2.4.3 The MATLAB Database Toolbox

The MATLAB Database Toolbox (MathWorks, 2017) provides the ability to work with several database types from within MATLAB, including MySQL. For MySQL databases, MATLAB requires the user to have already set up a database (easily done through MySQL Workbench), and a “data source” manually using (on Windows) the Microsoft ODBC Data Source Administrator tool; this is launched by the Database Explorer app of the Database Toolbox.

3 Results

Here we describe our collection of Python, MATLAB, and MySQL tools to interact with the ABI–CTdb. The specific objectives of our work are to a) provide tools in Python and MATLAB to download the ABI–CTdb electrophysiology data; b) generate a local database of the data with ABI feature extractions; c) integrate the feature extraction tools of the ABI Python SDK into our NeuroManager software to provide single–script management of the modeling/data analysis cycle in neuroscience.

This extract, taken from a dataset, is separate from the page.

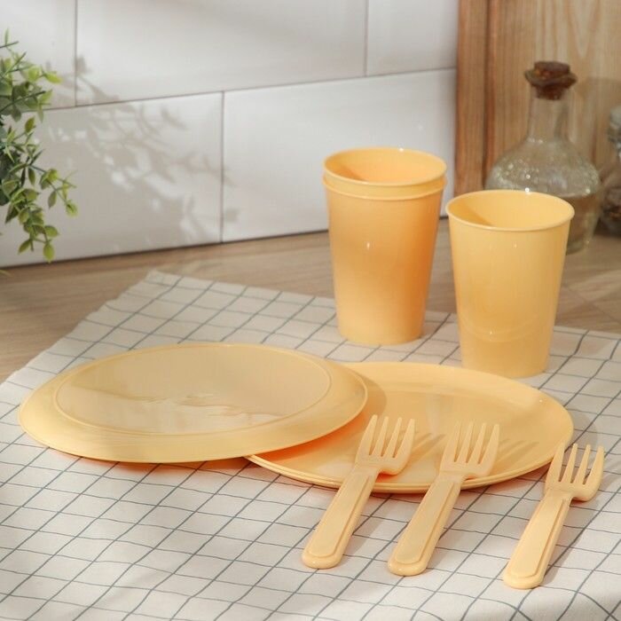 Набор для пикника Idiland посуда 9 предметов, цвет бледно-желтый, пластик интересное:

As illustrated in Figure 1, the user can use Python or MATLAB code to access and download the ABI–CTdb’s electrophysiological data and run SDK routines to extract features from the electrophysiological data. The user can also store them in a local database that we call “CellSurvey”, use a new extension of our NeuroManager software to run simulations and extract features from them, then compare the simulated and experimental data. The results of these interactions are stored in a second investigation database called “NM–INVdb”.

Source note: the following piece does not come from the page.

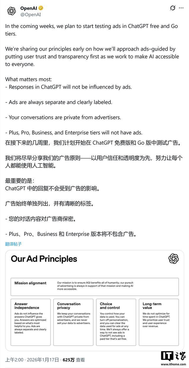 OpenAI 明确表示,广告将以独立模块的形式出现,极有可能置于 AI 生成答案的底部,并会进行清晰的标签化处理,确保用户能一眼区分“AI 回答”与“推广内容”。IT之家附上官方推文截图如下:

Fig. 1. Database and language independence.

Fig. 1

The user can use Python or MATLAB code to access and download the ABI–CTdb’s electrophysiological data and run ABI’s Python SDK routines to extract features from the electrophysiological data. The user can also store them in a local MySQL database that we call “CellSurvey”, use a new extension of our NeuroManager software to run simulations and extract features from them, then compare the simulated and experimental data. The results of these interactions are stored in a second investigation database called “NM–INVdb”. For more details please see the User Guide

3.1 MATLAB classes for access to the online ABI Cell Types database

The first of our tools gives direct MATLAB access to the ABI electrophysiological data. We have created the “ABIApiML” package, consisting of classes ABICell-Data, ABISweep, and ABIExperiment. The classes access the cell’s electrophysiology summary, which is contained in a file in Neurodata Without Borders (NWB) format. NWB format (Neurodata Without Borders, 2016; NWB-CN Project, 2015) is a neurophysiology data format based on the HDF5.0 standard (Folk et al., 2011), and these MATLAB classes make use of the MATLAB hdf5 facilities (Mathworks, 2017) for accessing the downloaded file. The NWB file can be downloaded by choosing a cell using ABI’s web–based interface (ABI, 2017b) and pressing a download button manually; by using the ABI Python SDK as seen at ABI (2017e); or as a side effect of using our Python ABICellSurvey tool described in Section 3.2. Once the NWB file has been downloaded, the user can access the data contained therein through use of the ABIApiML classes and process them using MATLAB’s extensive computational facilities, or use the ABI Python SDK and process them using Python’s numerical facilities.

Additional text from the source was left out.